4. Differential Abundance: First, we generated a generalized linear model (GLM) for each taxa, based on a Gaussian distribution. Then p-values were calculated
using an analysis of variance test (ANOVA) of each model and were adjusted using the‘bonferroni’ method . Microorganisms with p-value < 0.05 were considered to be differentially abundant.
[0007] In variations, any suitable combination of the steps described above can be performed in any suitable sequence, frequency, and time.
[0008] Examples of the following information that can be generated by this pipeline:
a. PC A plots: PC A plots of CLR data where samples are colored by
condition.
b. Differential Abundance: A table with microorganisms with differential abundance, including the average abundance, standard deviation and number of samples analyzed for each condition. One table is generated for each comparison. If none microorganism was found to be differentially abundant, no table and plots are generated.
c. Box Plots: Box plot of CLR data for differentially abundant taxa at each condition. Only 6 taxa with the lowest p-values are plotted.
d.
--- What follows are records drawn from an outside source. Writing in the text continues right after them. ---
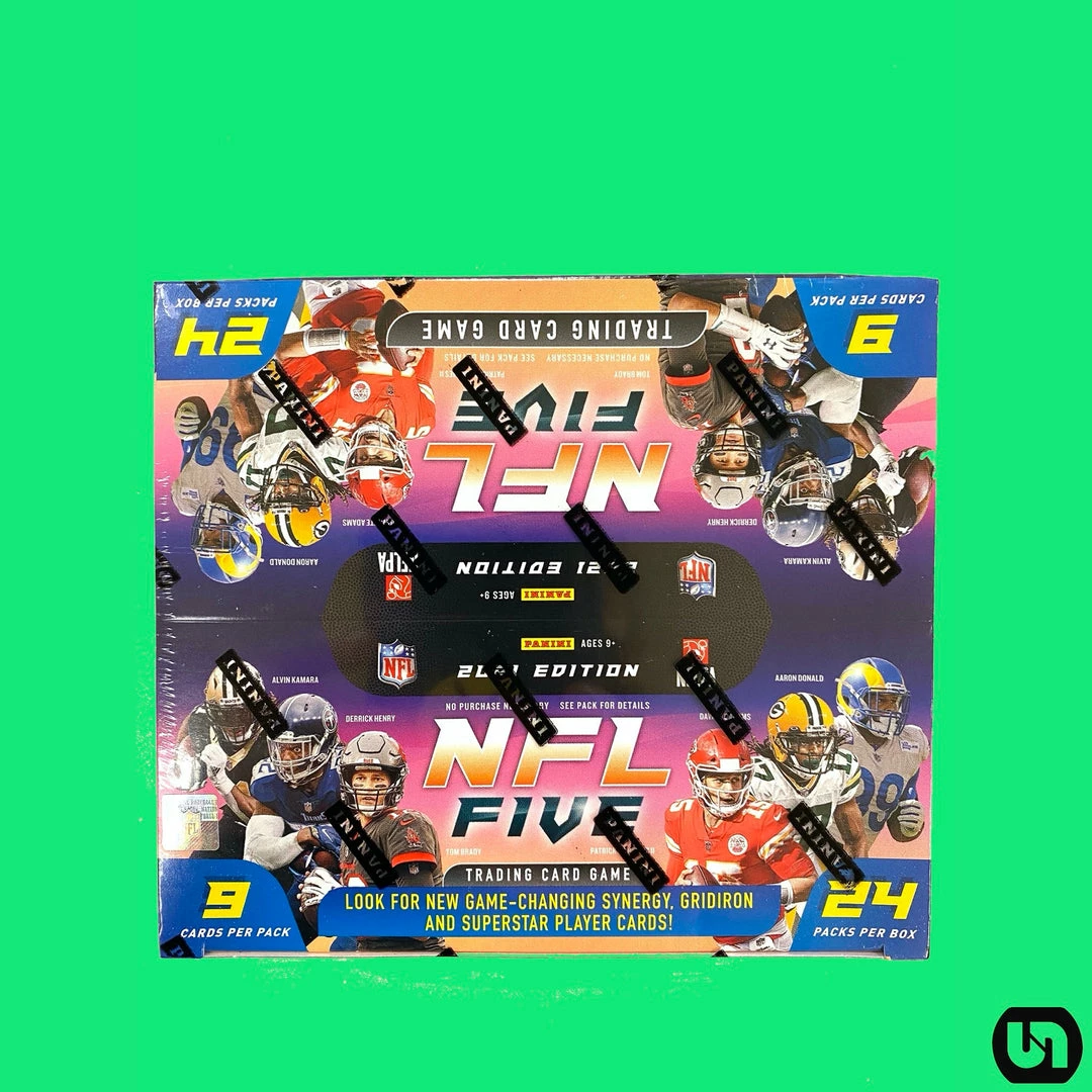 NFL Five trading card game features a 301 card set including 100 common, 100 uncommon, 33 rare, 32 epic, 18 legendary, and 18 rookie.
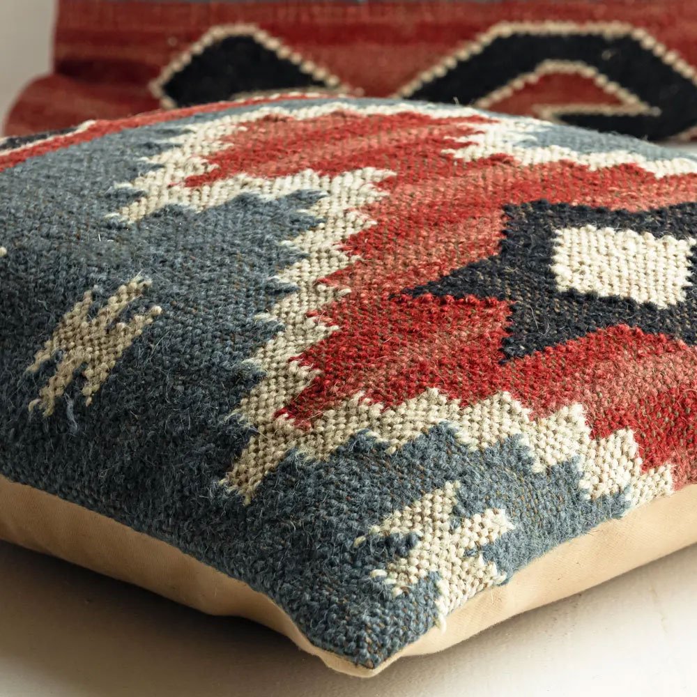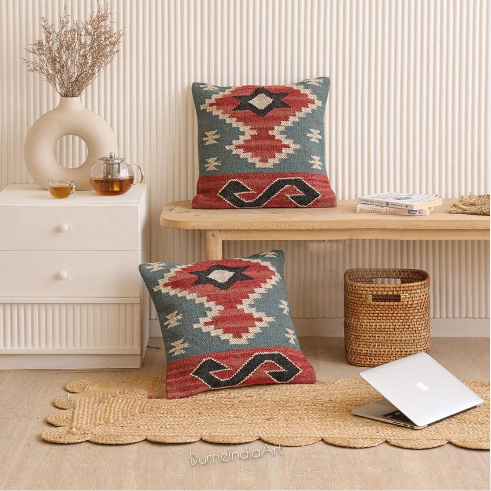 Add a touch of earthy elegance to your space with our Slate Blue and Rust Kilim Boho Pillows
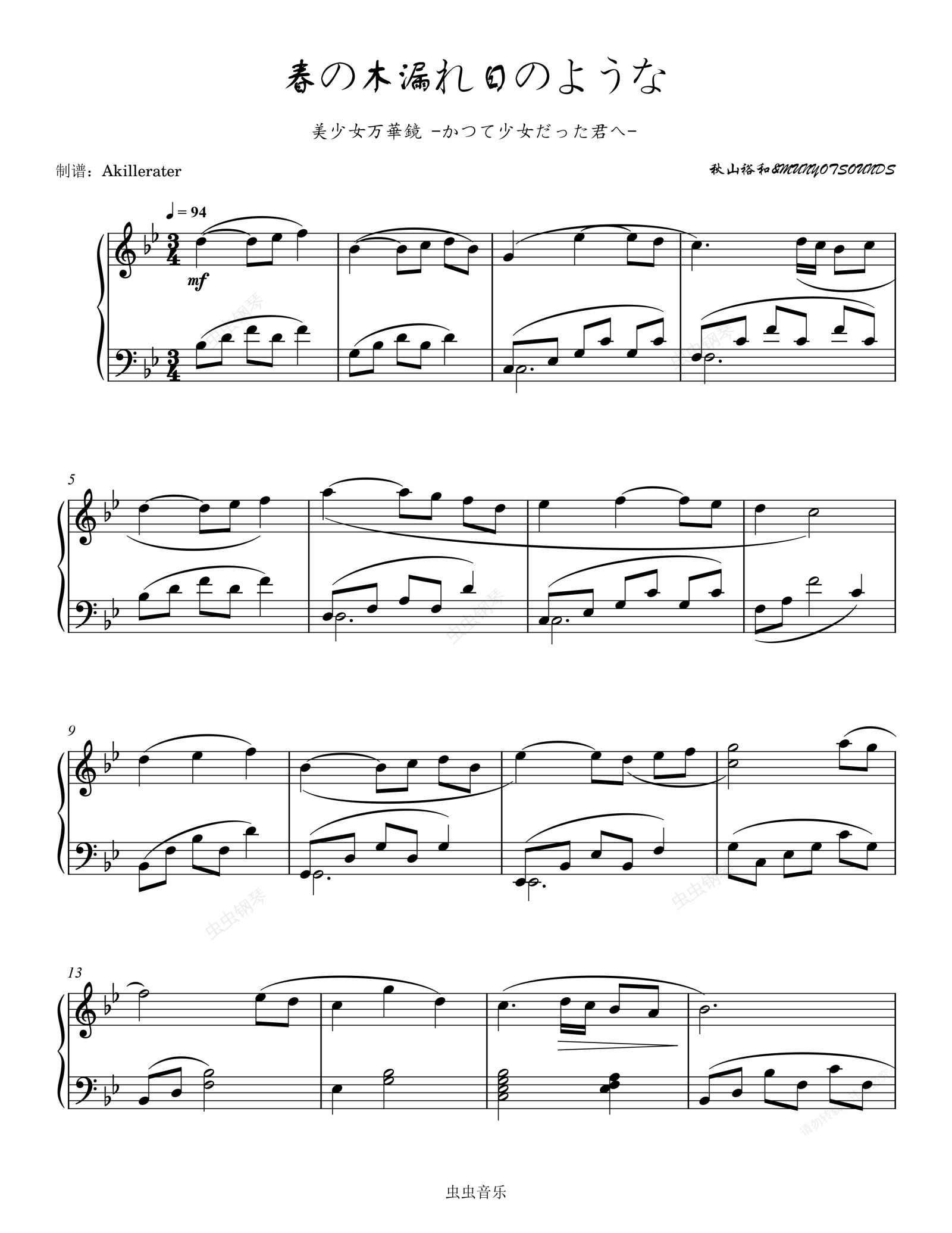 钢琴谱:春の木漏れ日のような(仿若春日林叶斑驳之影《美少女万华镜 - 献给曾是少女的你》)
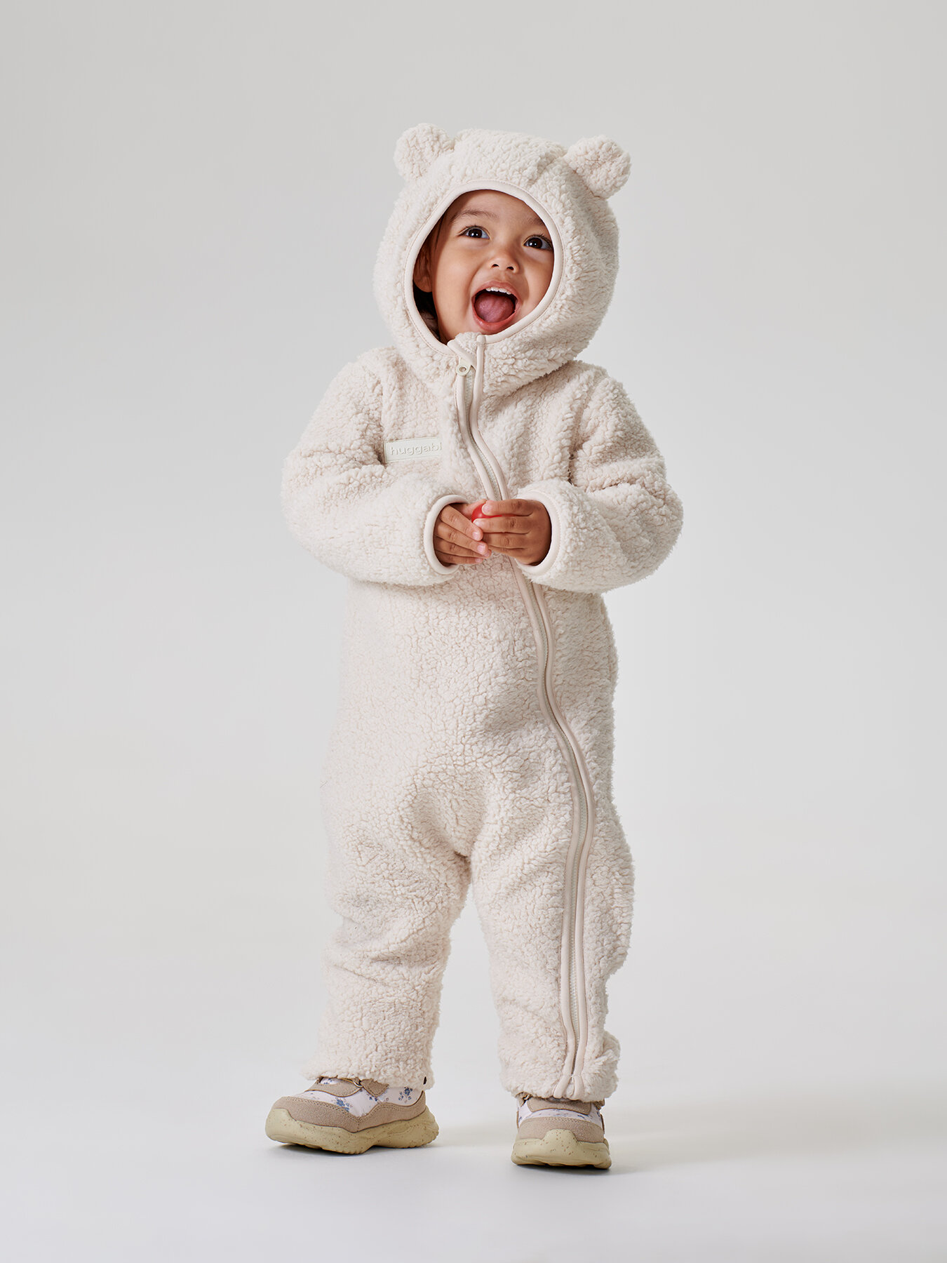Купить 89054, Комбинезон для новорожденных Happy Baby, флисовый, с ушками, демисезонный, молочный, размер 68-74
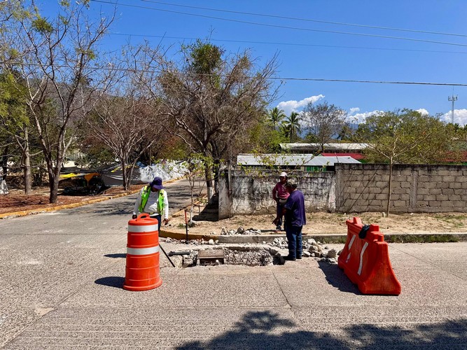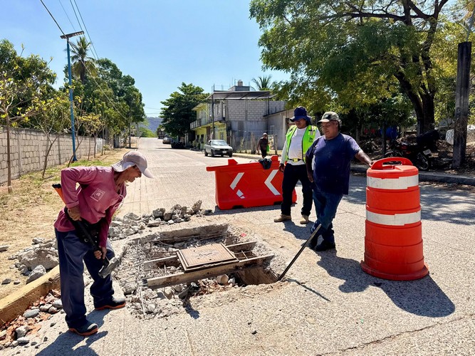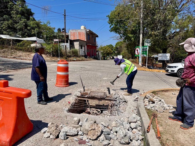 El Gobierno Municipal de Santa María Huatulco, que preside el Ing. Julio Cárdenas, a través de la Dirección de Servicios Públicos Municipales, realiza trabajos de mantenimiento en la vía pública, llevando a cabo la reposición de la tapa de registro en la intersección de las calles Galeana y La Gradera.
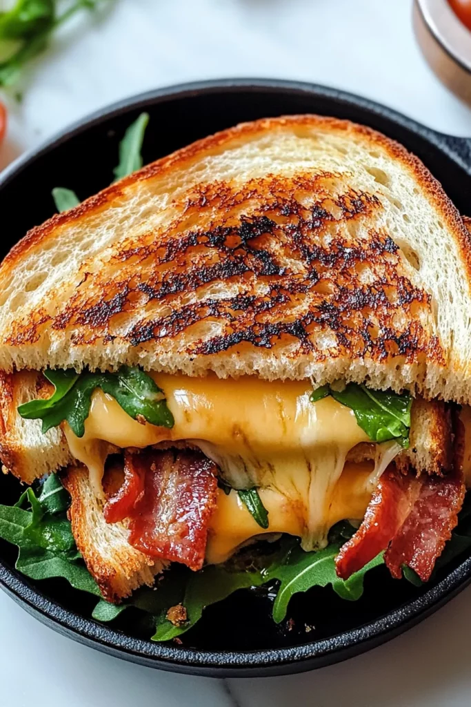 10. Slice each sandwich in half, revealing those layers of molten cheddar, smoky bacon, and vibrant veggies. Serve hot and savor the ultimate combination of textures and flavors.

Heatmaps: For each microorganism with differential abundance, a
heatmap of CLR data divided by condition.
[0009] In variations, any suitable combination of information (e.g., types of information described above) can be generated in any suitable sequence, frequency, and time.
[0010] Embodiments of the method and/or system can include every combination and permutation of the various system components and the various method processes, including any variants (e.g., embodiments, variations, examples, specific examples, figures, etc.), where portions of embodiments of the method and/or processes described herein can be performed asynchronously (e.g., sequentially), concurrently (e.g., in parallel), or in any other suitable order by and/or using one or more instances, elements, components of, and/or other aspects of the system and/or other entities described herein.
[0011] Any of the variants described herein (e.g., embodiments, variations, examples, specific examples, figures, etc.) and/or any portion of the variants described herein can be additionally or alternatively combined, aggregated, excluded, used, performed serially, performed in parallel, and/or otherwise applied.
[0012] Portions of embodiments of the method and/or system can be embodied and/or implemented at least in part as a machine configured to receive a computer-readable
medium storing computer-readable instructions. The instructions can be executed by computer- executable components that can be integrated with the system. The computer-readable medium can be stored on any suitable computer-readable media such as RAMs, ROMs, flash memory,
EEPROMs, optical devices (CD or DVD), hard drives, floppy drives, or any suitable device. The computer-executable component can be a general or application specific processor, but any suitable dedicated hardware or hardware/firmware combination device can alternatively or additionally execute the instructions. As a person skilled in the art will recognize from the previous detailed description and from the figures and claims, modifications and changes can be made to
embodiments of the method, system, and/or variants without departing from the scope defined in the claims.